Task details — Copy the records below in full and leave every image out of the copy.

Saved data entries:
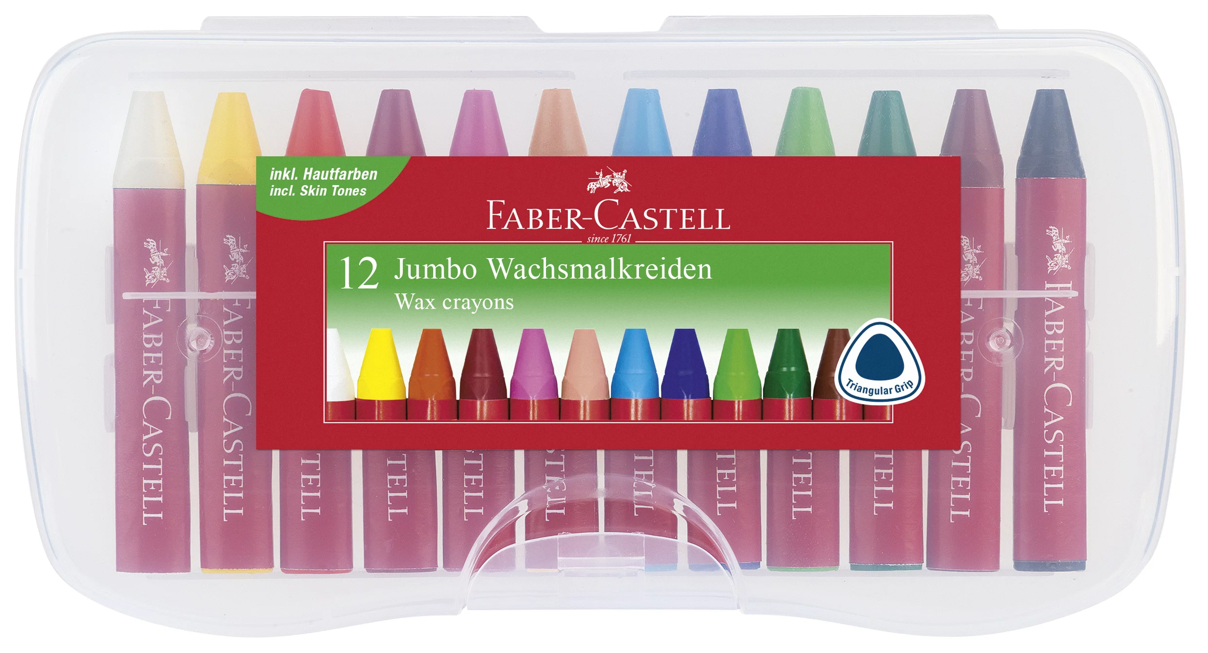 Creioane Cerate 12 Culori Jumbo Cutie Plastic Faber-Castell
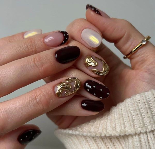 Используйте золото как акцент или основу для сложной графики. Идеальная техника – «жидкое золото»: эффект струящегося, неидеального металла на одном-двух ногтях.
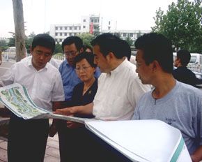 2004年8月國(guó)家環(huán)??偩诸I(lǐng)導(dǎo)視察指導(dǎo)工作 上圖右一為集團(tuán)公司總工程師穆乃杰
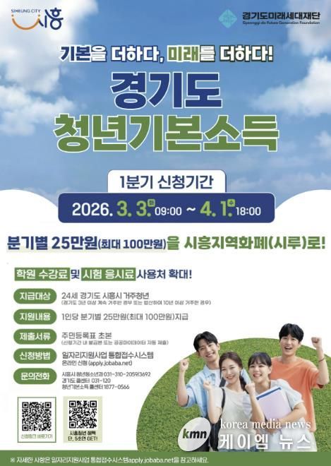 (케이엠뉴스) 시흥시는 청년의 사회적 기본권 보장과 지역경제 활성화를 위해 4월 1일까지 ‘2026년 1분기 청년기본소득’ 지급 신청을 받는다.
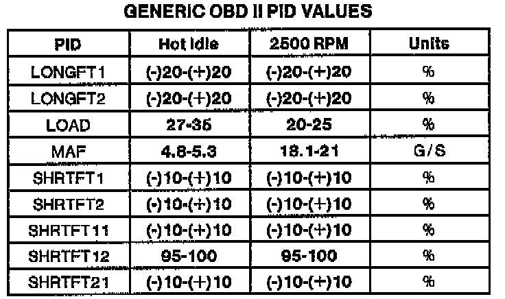 NOTE: All generic OBDII readings under no load (PARK or NEUTRAL).

Solution to this task —
 Creioane Cerate 12 Culori Jumbo Cutie Plastic Faber-Castell
 Используйте золото как акцент или основу для сложной графики. Идеальная техника – «жидкое золото»: эффект струящегося, неидеального металла на одном-двух ногтях.
 2004年8月國(guó)家環(huán)??偩诸I(lǐng)導(dǎo)視察指導(dǎo)工作 上圖右一為集團(tuán)公司總工程師穆乃杰
 (케이엠뉴스) 시흥시는 청년의 사회적 기본권 보장과 지역경제 활성화를 위해 4월 1일까지 ‘2026년 1분기 청년기본소득’ 지급 신청을 받는다.
 NOTE: All generic OBDII readings under no load (PARK or NEUTRAL).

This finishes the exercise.